DATASET SECTION:
□ □ □ □ □ □ □

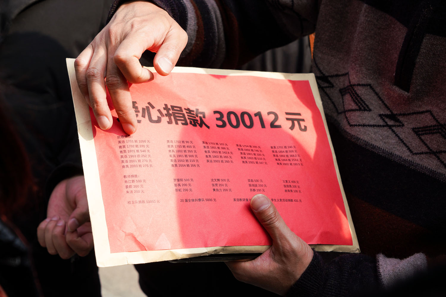 水滴筹开通后,学院师生在QQ空间、朋友圈等社交媒体平台进行呼吁,并得到积极回应。直至3月12日下午六点,学校师生、优秀校友、社会爱心人士捐款已经超过23万。学校校卫队和纠察队捐款15000元;麻豆porn
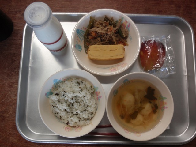 今日の献立は、ごはん、牛乳、厚焼き卵、ごぼうの甘辛炒め、えびしんじょうの吸い物、りんごでした。
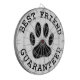 A black dog paw print with text: Best Friend. Guaranteed. Custom dartboards.
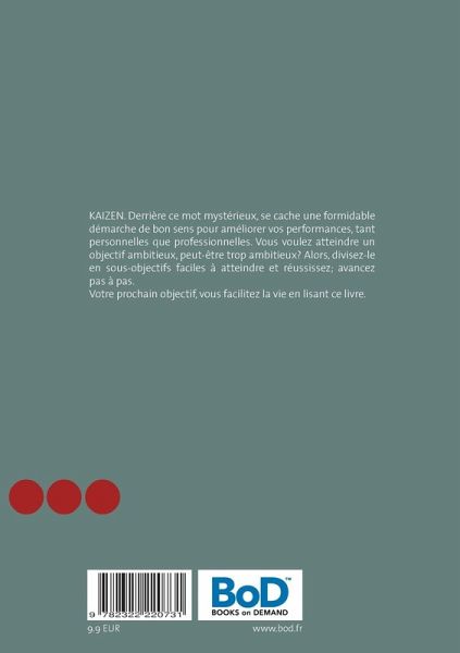 KAIZEN. Derrière ce mot mystérieux, se cache une formidable démarche de bon sens pour améliorer vos performances, tant personnelles que professionnelles. Vous voulez atteindre un objectif ambitieux, peut-être trop ambitieux? Alors, divisez-le en sous-objectifs faciles à atteindre et réussissez; avancez pas à pas.

□ □ □ □ □ □ □

TASK PROMPT: Lines from the start of the listing above through the line holding "A black dog" are to be duplicated exactly, and nothing more; leave out the pictures.

REPLY:
 水滴筹开通后,学院师生在QQ空间、朋友圈等社交媒体平台进行呼吁,并得到积极回应。直至3月12日下午六点,学校师生、优秀校友、社会爱心人士捐款已经超过23万。学校校卫队和纠察队捐款15000元;麻豆porn
 今日の献立は、ごはん、牛乳、厚焼き卵、ごぼうの甘辛炒め、えびしんじょうの吸い物、りんごでした。
 A black dog paw print with text: Best Friend. Guaranteed. Custom dartboards.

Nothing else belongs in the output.